Bisnis.com, JAKARTA - Emiten tekstil PT Sri Rejeki Isman Tbk. (SRIL) atau Sritex berharap suspensi saham kembali dibuka pada tahun depan sesuai dengan permintaan relaksasi dan peninjauan kembali potensi delisting ke Bursa Efek Indonesia hingga akhir 2024.
Direktur Sritex Welly Salam mengatakan SRIL meminta relaksasi dan peninjauan ulang potensi delisting hingga akhir 2024 ke Bursa Efek Indonesia seiring dengan penyelesaian restrukturisasi entitas usaha di Singapura.
“Insyaallah tahun depan kita bisa diperdagangkan kembali di Bursa, semoga kami secepatnya menyelesaikan restrukturisasi di Singapura,” kata Welly dalam paparan publik, Selasa (25/6/2024).
Welly menjelaskan bahwa pihaknya tetap berkomunikasi dengan Bursa Efek Indonesia terkait dengan suspensi dan potensi delisting. Permintaan relaksasi telah dilakukan sejak tahun lalu, Welly menyebutkan jika kelonggaran yang diminta adalah hingga akhir tahun 2024.
Meski demikian, Dia mengakui bahwa sampai dengan saat ini proses restrukturisasi belum menemui kesepakatan dengan kreditur. Menurunnya penyelesaian restrukturisasi di luar kontrol karena ada pertimbangan dan negosiasi yang harus diselesaikan dengan kreditur-kreditur tersebut.

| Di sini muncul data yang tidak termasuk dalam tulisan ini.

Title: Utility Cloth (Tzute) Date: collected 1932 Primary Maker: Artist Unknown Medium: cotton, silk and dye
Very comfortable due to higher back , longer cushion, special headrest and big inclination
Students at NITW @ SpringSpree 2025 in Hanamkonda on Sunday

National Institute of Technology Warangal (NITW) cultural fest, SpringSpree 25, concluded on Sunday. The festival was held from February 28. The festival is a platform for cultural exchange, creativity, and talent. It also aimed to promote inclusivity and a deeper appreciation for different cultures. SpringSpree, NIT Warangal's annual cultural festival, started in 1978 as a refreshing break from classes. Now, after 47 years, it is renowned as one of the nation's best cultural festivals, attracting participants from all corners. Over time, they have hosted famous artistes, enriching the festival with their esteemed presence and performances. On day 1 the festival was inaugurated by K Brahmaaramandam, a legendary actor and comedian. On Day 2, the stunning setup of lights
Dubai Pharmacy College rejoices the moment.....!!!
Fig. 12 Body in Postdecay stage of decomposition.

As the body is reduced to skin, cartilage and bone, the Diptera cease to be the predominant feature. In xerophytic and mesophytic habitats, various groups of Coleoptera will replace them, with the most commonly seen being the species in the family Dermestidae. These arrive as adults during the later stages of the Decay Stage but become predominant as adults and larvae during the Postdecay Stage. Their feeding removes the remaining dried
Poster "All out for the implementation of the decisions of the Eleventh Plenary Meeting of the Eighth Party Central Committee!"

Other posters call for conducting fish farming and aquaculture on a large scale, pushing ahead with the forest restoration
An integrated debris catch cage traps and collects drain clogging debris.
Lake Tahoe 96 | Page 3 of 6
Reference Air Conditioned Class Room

“Kami akan melakukan komunikasi lagi dengan pihak BEI dan juga memberikan keterbukaan informasi kepada publik. Kalau untuk PKPU sudah selesai,” katanya.
Baca Juga
Berdasarkan data Bisnis, saham SRIL mulai disuspensi Bursa sejak 18 Mei 2021 di posisi Rp146 per saham.
Suspensi saham yang dilakukan BEI berujung potensi delisting saham SRIL. Suspensi saham tersebut didasari oleh penundaan pembayaran pokok dan bunga Medium Term Notes (MTN) Sritex Tahap III Tahun 2018 serta kasus PKPU dan restrukturisasi.

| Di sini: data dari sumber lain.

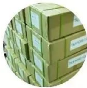
Outer carton package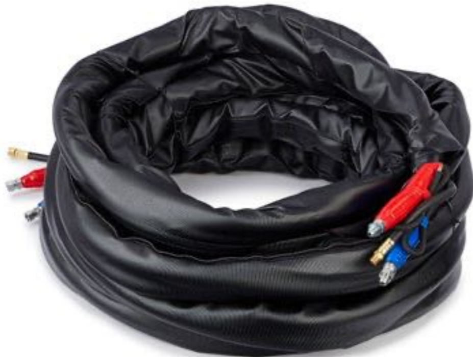
Xtreme-Wrap® Scuff Guard

Available in Xtreme-Wrap, bluemesh scuff or no scuff.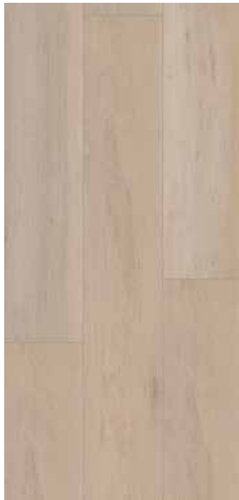
Warm Oak 6566AR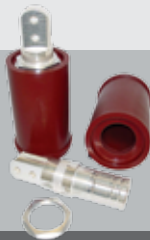
GE Magne-Blast replacement bottles with primary disconnects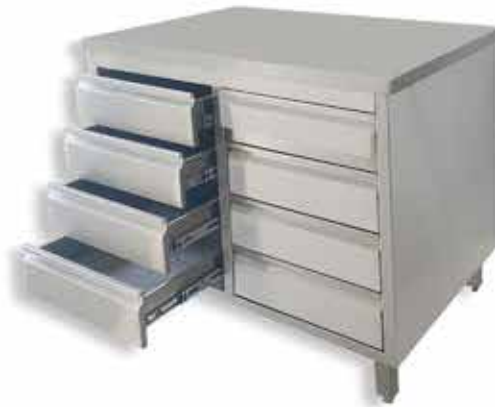
Base Cabinet with 8 Drawers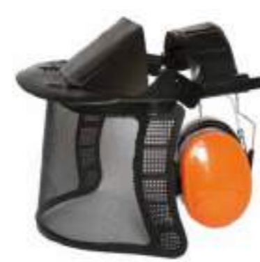
1602025 Face Shield Carton Quantity: 6 pcs Measurement: 53x46x55cm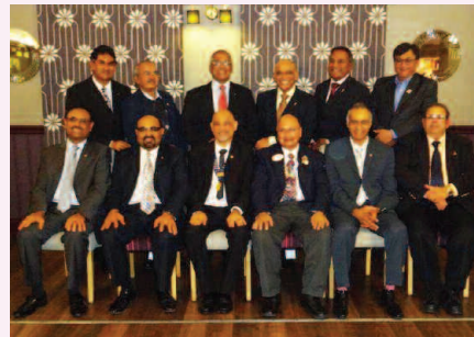
LC of Mill Hill meeting - 1 December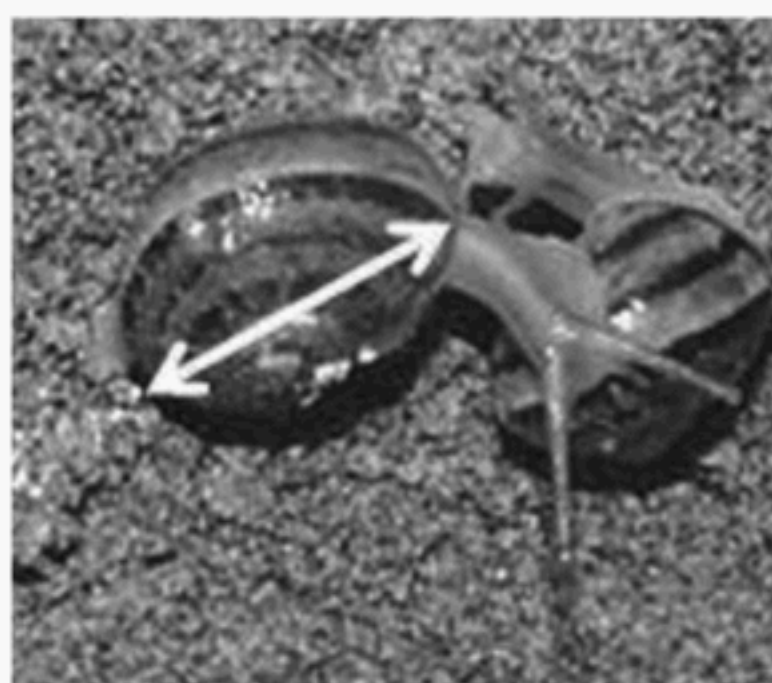
Figure 1 — Measure of the shell diameter, i.e. the longest size that can be measured (white arrow on the photo)

The mass of the snails may be uncertain if they have test substrate on their shell or their foot. Before each weighing, using a spatula, remove the substrate from the shell or the foot. It is possible to leave the snails to move about on the clean container lid or on slightly moist paper so that they get rid of the substrate adhering to their foot.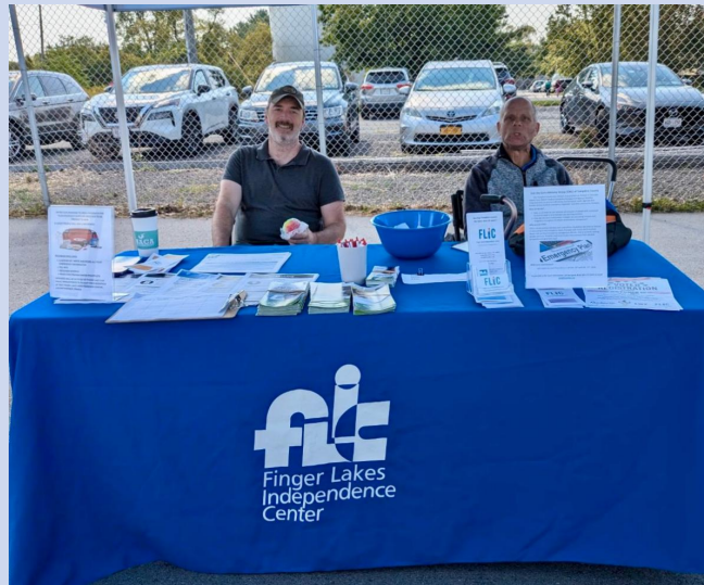
Image Above: A photo with 2 men sitting at a table with a blue table covering with the FLIC logo on it. On the table are pamphlets, pens, and other papers.

Kondisi tersebut menyebabkan BEI menyematkan notasi M, E, X, L dan memasukkannya bersama saham-sama tidak likuid ke papan pemantauan khusus dengan kriteria 5 dan 7.

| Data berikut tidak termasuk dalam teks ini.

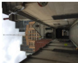
POLICE HEADQUARTERS COMPLEX Nov 2016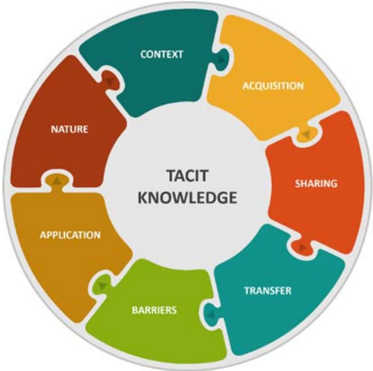
Figure 4. The framework used to delineate and define tacit knowledge, as presented in Section 5.3.

Given the inherent difficulties in delineating and defining tacit knowledge, it may be more advantageous to conceptualize it as a framework rather than as a singular concept. A framework (Figure 4 and Table 2), drawing on findings from Creswell (2014) and Patton (2002), was therefore developed and applied to address tacit knowledge in terms of its nature (Polanyi, 1966), context (Spender, 1996), acquisition (Kolb, 1984; Nonaka & Takeuchi, 1995), sharing (Leonard & Sensiper, 1998), transfer (Nonaka & Takeuchi, 1995; Collins, 2010), barriers (Boh, 2007; Gourlay, 2016), and application (Sensiper, 1998; Sternberg & Horvath, 1999). This framework captures and highlights the essential characteristics of tacit knowledge, facilitating the development of a more precise and functional definition.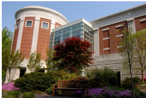
Harold Schiffman Music Library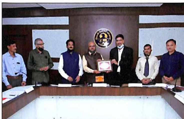
A view of the MoU signing ceremony

Kriteria tersebut artinya emiten memiliki ekuitas negatif dalam laporan keuangan terakhir serta memiliki likuiditas rendah dengan kriteria nilai transaksi rata-rata harian saham kurang dari Rp5 juta dan volume transaksi rata-rata harian kurang dari 10.000 kali dalam 6 bulan terakhir di pasar reguler.